• WHAT NEEDS TO BE DONE:
Reproduce the whole listing word for word. Leave every image out.

______

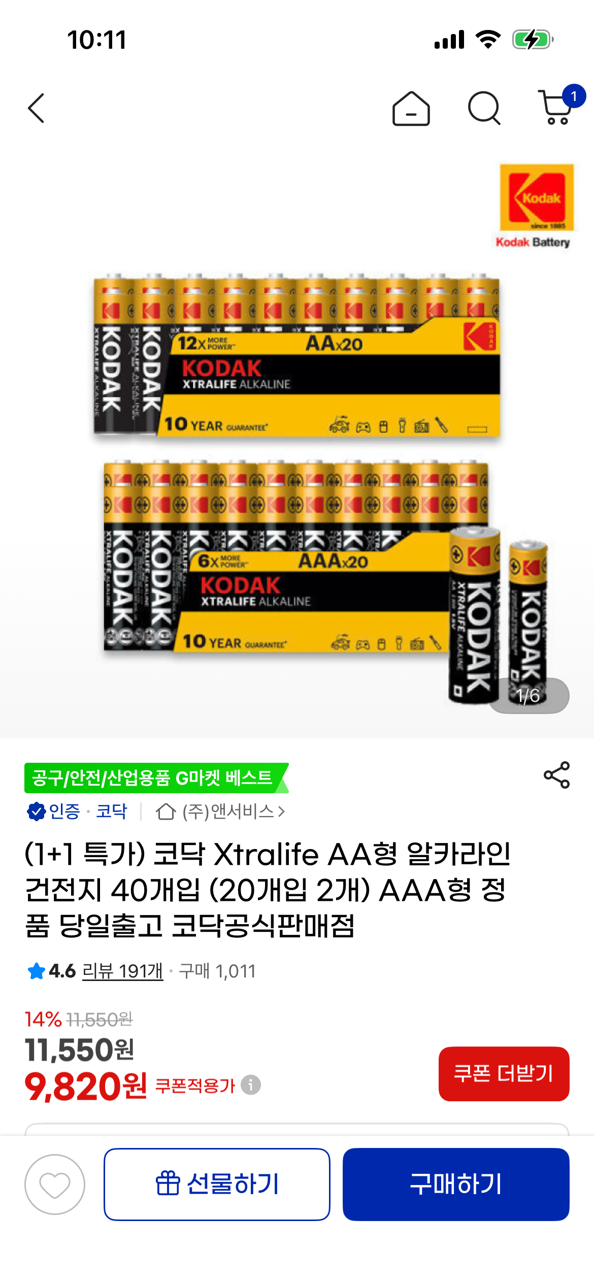 [지마켓] 코닥 AA형 알카라인 건전지 40개입 (20개입 2개) (9,820원/무료)
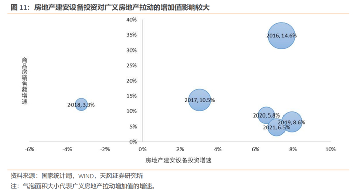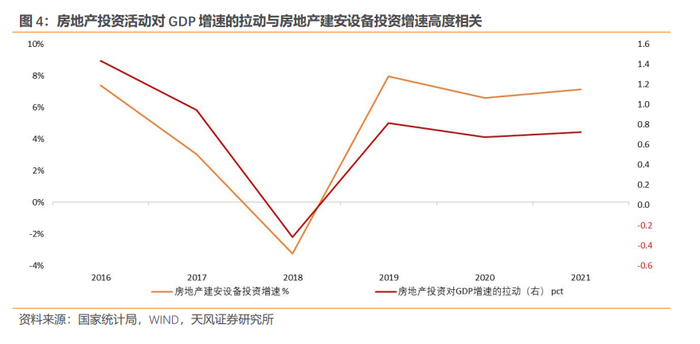 由于房地产投资活动带来的增加值更多,因此房地产建安设备投资对广义房地产拉动的增加值有更大的影响,对GDP的影响也相应更大。
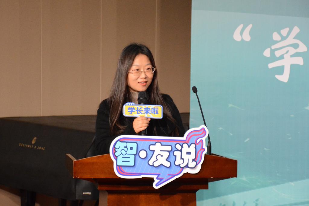 王莉莉向长期以来关心、支持学院建设与发展的校友表示感谢,对各位校友回家表示欢迎。她简要回顾了“学长来啦”活动走过的四年历程,并从用心学榜样、潜心学专业、精心做规划三个维度寄语现场学生。
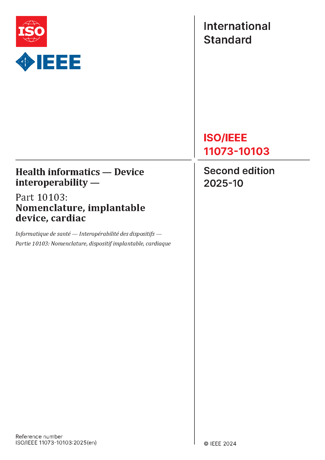 Health informatics--Point-of-care medical device communication Part 10103: Nomenclature--Implantable device, cardiac
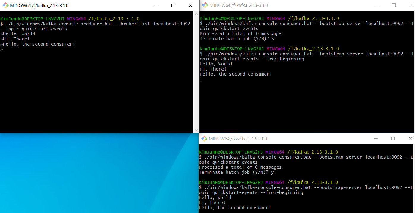 - ./bin/windows/kafka-console-consumer.bat --bootstrap-server localhost:9092 --topic quickstart-events --from-beginning
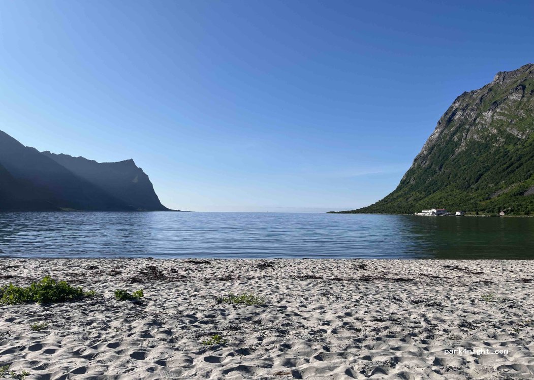 Bon parking, relativement plat. Belle vue sur le fjord, situé juste en bord de plage. La route a proximité n’est pas très gênante. Toilettes sèches sur place.
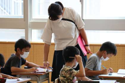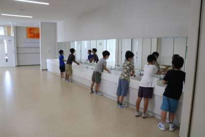 写真は3年生の様子です。受付をして教室に入ったら、まずは手洗いです。
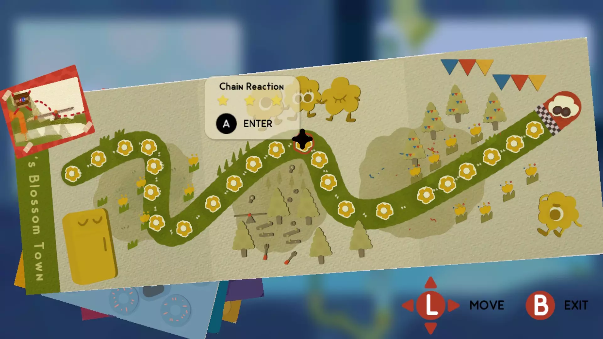 在呼呼的繁花镇的一个名为连锁反应的特定关卡中,你需要从一开始就爬上那些巨石,而不是从它们下面走,然后保持平衡直到到达终点。
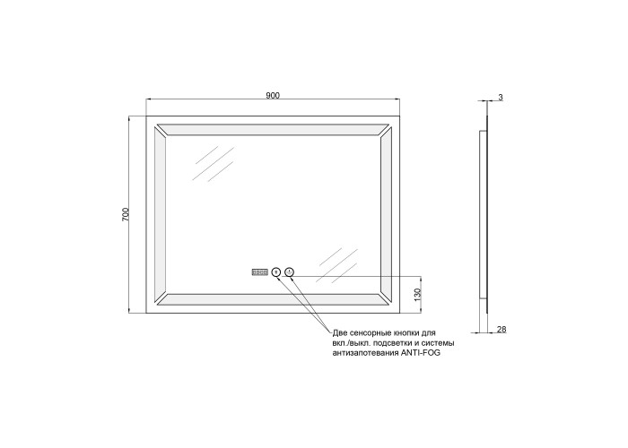 Зеркало Qtap Mideya с антизапотеванием (DC-F605-1) 900х700 QT2078F6051W укомплектовано светодиодной LED лентой с ровным, насыщенным, ярким свечением белого цвета. LED лента не создает негативного влияния на зрение человека. В зеркале предусмотрена функция ANTI-FOG - защита от запотевания. Управление осуществляется двумя сенсорными кнопками на передней части зеркала. В зеркало вмонтированы часы и индикатор температуры окружающей среды в градусах Цельсия.
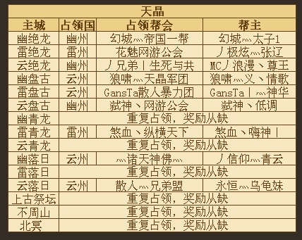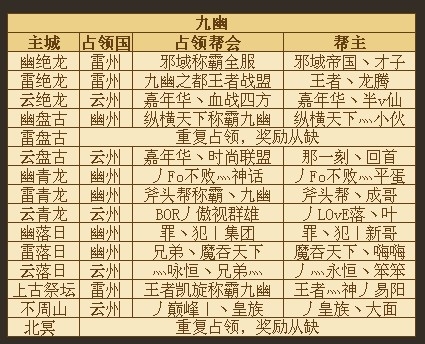 活动规则:1.新开区服,每个区服首次占领十五大主城其中之一的第一个帮派将会获得奖励。占领不同的主城获得奖励不同,占领中立区上古祭坛、不周山、北冥以及本国攻占敌国主城奖励要高一些。 2.城主战时间:周一绝龙岭、周二盘古岭、周三青龙城,落日城、周四上古祭坛,不周山、周六北冥,战斗时间为7点半到8点半。 3.每个帮派占领第一个主城才能获得奖励。如果同一个帮派在占领第一个主城确定奖励名额后,又成功占领其他的主城,那么此主城的奖励从缺。 4.每个帮派只能占领一个领地,如果抢占新的领地成功后,本帮会旧领地自动恢复成无人占领状态。 5.成功占领各大主城的帮派,官方将记录下来,十五大主城都被成功占领后官方将公布奖励获奖名单并发放奖励。
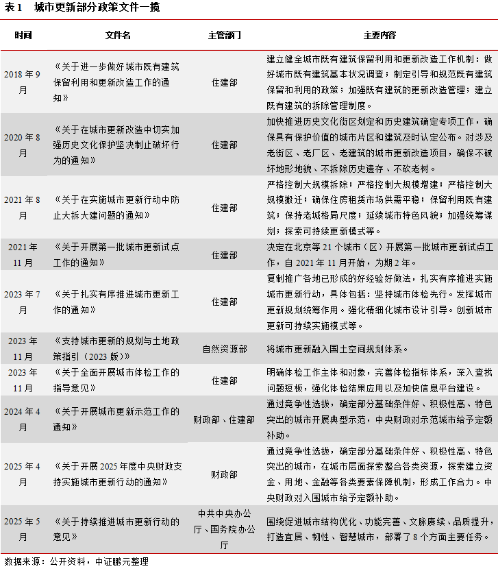 1、我国城市更新由地方实践先行,深圳、广州、上海等城市更新创新实践的排头兵较早地形成了各具自身特色的城市更新模式,并出台了各自的城市更新相关政策。自2021年城市更新上升为国家战略后,国家层面出台了一系列相关政策文件。2025年5月,中共中央办公厅、国务院办公厅发布《关于持续推进城市更新行动的意见》,成为新时期推动城市更新纲领性的文件。《意见》围绕促进城市结构优化、功能完善、文脉赓续、品质提升,打造宜居、韧性、智慧城市,部署了8个方面主要任务。

______

• OUTPUT OF THE EXERCISE:
 [지마켓] 코닥 AA형 알카라인 건전지 40개입 (20개입 2개) (9,820원/무료)
 由于房地产投资活动带来的增加值更多,因此房地产建安设备投资对广义房地产拉动的增加值有更大的影响,对GDP的影响也相应更大。
 王莉莉向长期以来关心、支持学院建设与发展的校友表示感谢,对各位校友回家表示欢迎。她简要回顾了“学长来啦”活动走过的四年历程,并从用心学榜样、潜心学专业、精心做规划三个维度寄语现场学生。
 Health informatics--Point-of-care medical device communication Part 10103: Nomenclature--Implantable device, cardiac
 - ./bin/windows/kafka-console-consumer.bat --bootstrap-server localhost:9092 --topic quickstart-events --from-beginning
 Bon parking, relativement plat. Belle vue sur le fjord, situé juste en bord de plage. La route a proximité n’est pas très gênante. Toilettes sèches sur place.
 写真は3年生の様子です。受付をして教室に入ったら、まずは手洗いです。
 在呼呼的繁花镇的一个名为连锁反应的特定关卡中,你需要从一开始就爬上那些巨石,而不是从它们下面走,然后保持平衡直到到达终点。
 Зеркало Qtap Mideya с антизапотеванием (DC-F605-1) 900х700 QT2078F6051W укомплектовано светодиодной LED лентой с ровным, насыщенным, ярким свечением белого цвета. LED лента не создает негативного влияния на зрение человека. В зеркале предусмотрена функция ANTI-FOG - защита от запотевания. Управление осуществляется двумя сенсорными кнопками на передней части зеркала. В зеркало вмонтированы часы и индикатор температуры окружающей среды в градусах Цельсия.
 活动规则:1.新开区服,每个区服首次占领十五大主城其中之一的第一个帮派将会获得奖励。占领不同的主城获得奖励不同,占领中立区上古祭坛、不周山、北冥以及本国攻占敌国主城奖励要高一些。 2.城主战时间:周一绝龙岭、周二盘古岭、周三青龙城,落日城、周四上古祭坛,不周山、周六北冥,战斗时间为7点半到8点半。 3.每个帮派占领第一个主城才能获得奖励。如果同一个帮派在占领第一个主城确定奖励名额后,又成功占领其他的主城,那么此主城的奖励从缺。 4.每个帮派只能占领一个领地,如果抢占新的领地成功后,本帮会旧领地自动恢复成无人占领状态。 5.成功占领各大主城的帮派,官方将记录下来,十五大主城都被成功占领后官方将公布奖励获奖名单并发放奖励。
 1、我国城市更新由地方实践先行,深圳、广州、上海等城市更新创新实践的排头兵较早地形成了各具自身特色的城市更新模式,并出台了各自的城市更新相关政策。自2021年城市更新上升为国家战略后,国家层面出台了一系列相关政策文件。2025年5月,中共中央办公厅、国务院办公厅发布《关于持续推进城市更新行动的意见》,成为新时期推动城市更新纲领性的文件。《意见》围绕促进城市结构优化、功能完善、文脉赓续、品质提升,打造宜居、韧性、智慧城市,部署了8个方面主要任务。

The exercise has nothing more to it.